§ **DATA BELOW**
* * *

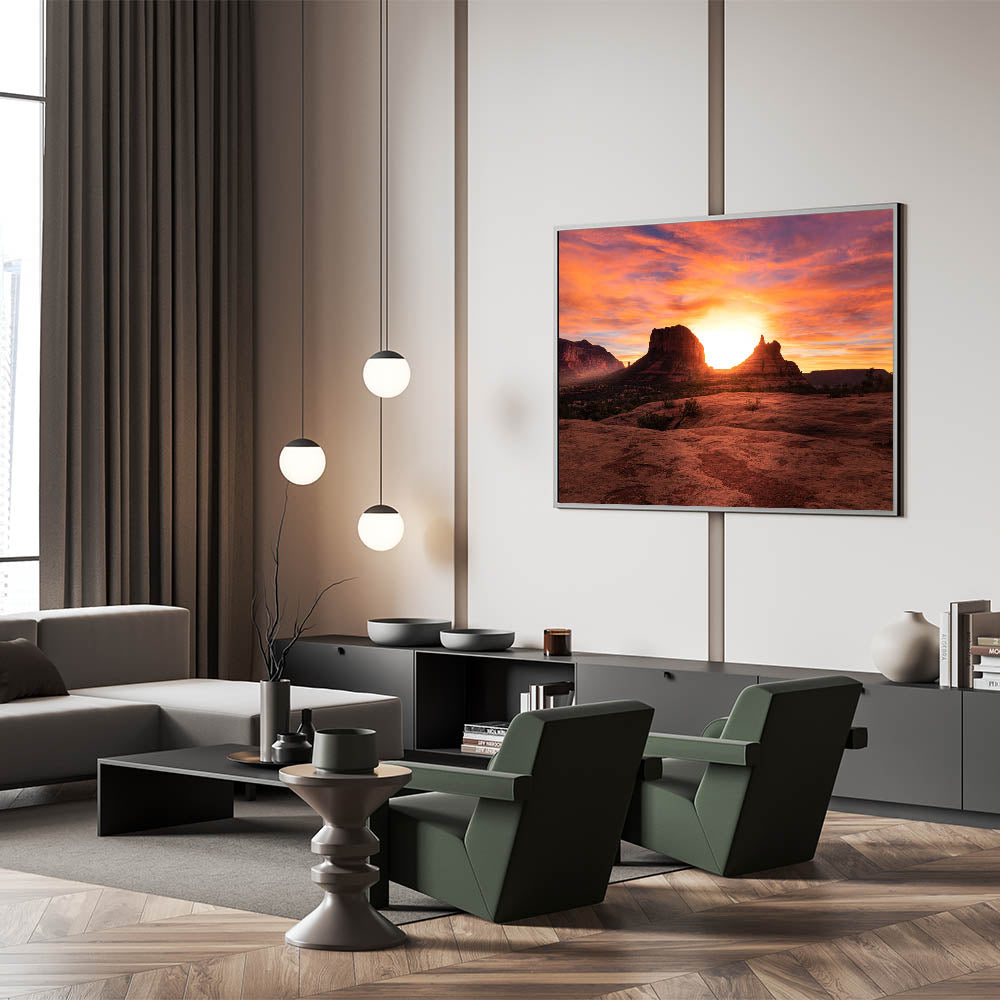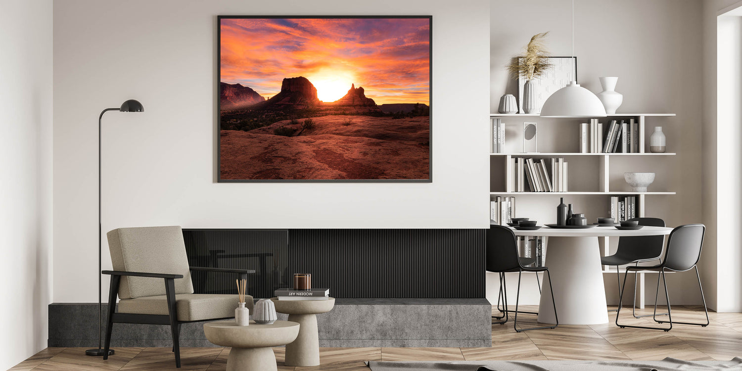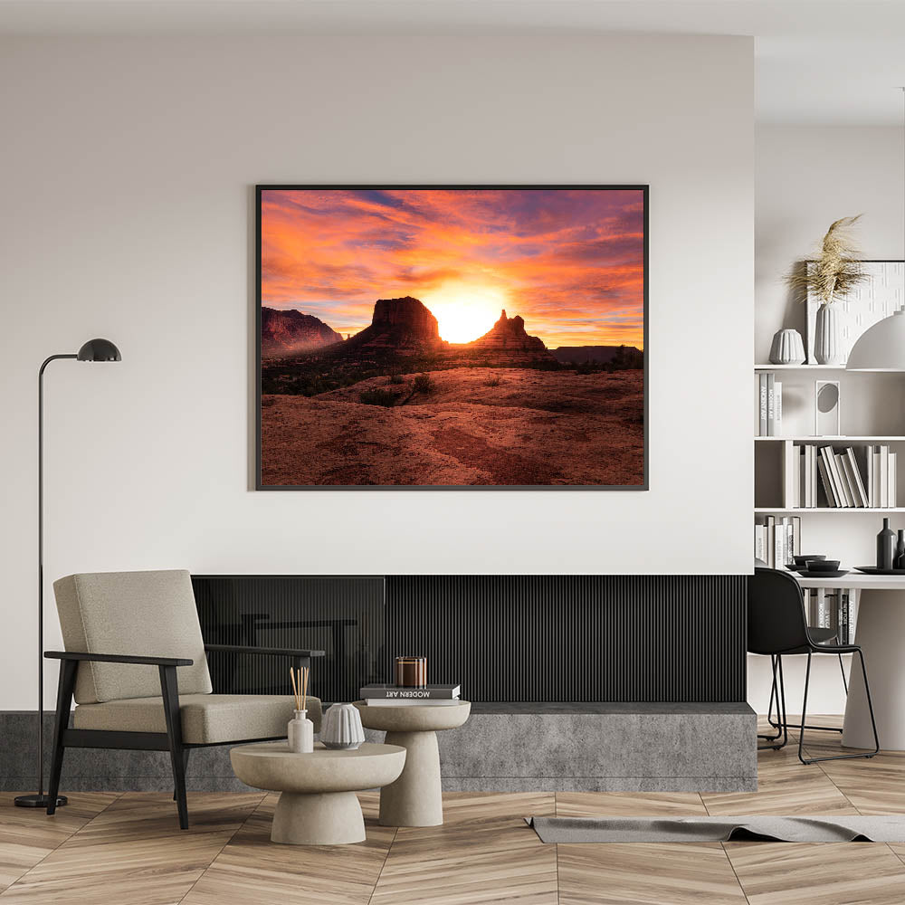 Experience the breathtaking beauty of an Arizona sunset with this stunning Sedona wall art. The glowing sun sets behind Sedona’s iconic rock formations, casting a warm, golden light over the red rocks and desert landscape. The vibrant orange and pink hues in the sky create a truly mesmerizing scene that will transform any room. Available in various high-quality formats, including stretched canvas, framed canvas, and acrylic glass, this artwork is perfect for bringing the natural beauty of Sedona into your home.
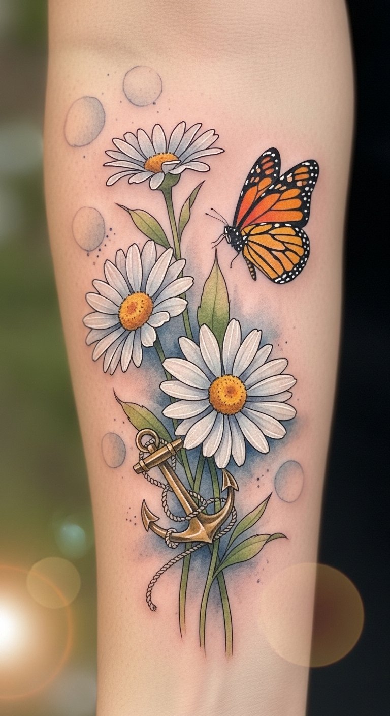 The design balances innocence (daisies), change (butterfly), and steadiness (anchor), evoking hope, growth, and grounding; placed along the inner forearm or wrist the composition reads clearly and can be sized to feel intimate or extended upward for a sleeve continuation.
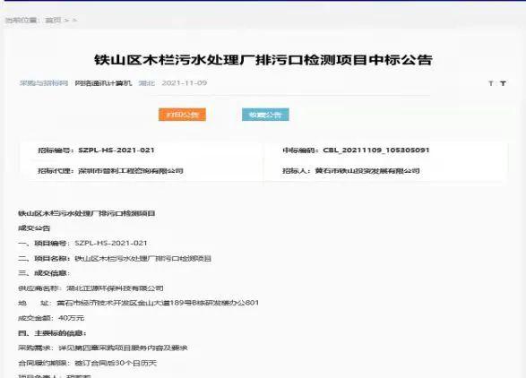 近日,正源環(huán)保公司成功中標(biāo)木欄污水廠排污口檢測項(xiàng)目,中標(biāo)金額40萬元。

* * *

§ **PROBLEM DETAILS**
All of the material should be reproduced exactly, apart from the pictures.

§ **ANSWER TO THE PROBLEM**
 Experience the breathtaking beauty of an Arizona sunset with this stunning Sedona wall art. The glowing sun sets behind Sedona’s iconic rock formations, casting a warm, golden light over the red rocks and desert landscape. The vibrant orange and pink hues in the sky create a truly mesmerizing scene that will transform any room. Available in various high-quality formats, including stretched canvas, framed canvas, and acrylic glass, this artwork is perfect for bringing the natural beauty of Sedona into your home.
 The design balances innocence (daisies), change (butterfly), and steadiness (anchor), evoking hope, growth, and grounding; placed along the inner forearm or wrist the composition reads clearly and can be sized to feel intimate or extended upward for a sleeve continuation.
 近日,正源環(huán)保公司成功中標(biāo)木欄污水廠排污口檢測項(xiàng)目,中標(biāo)金額40萬元。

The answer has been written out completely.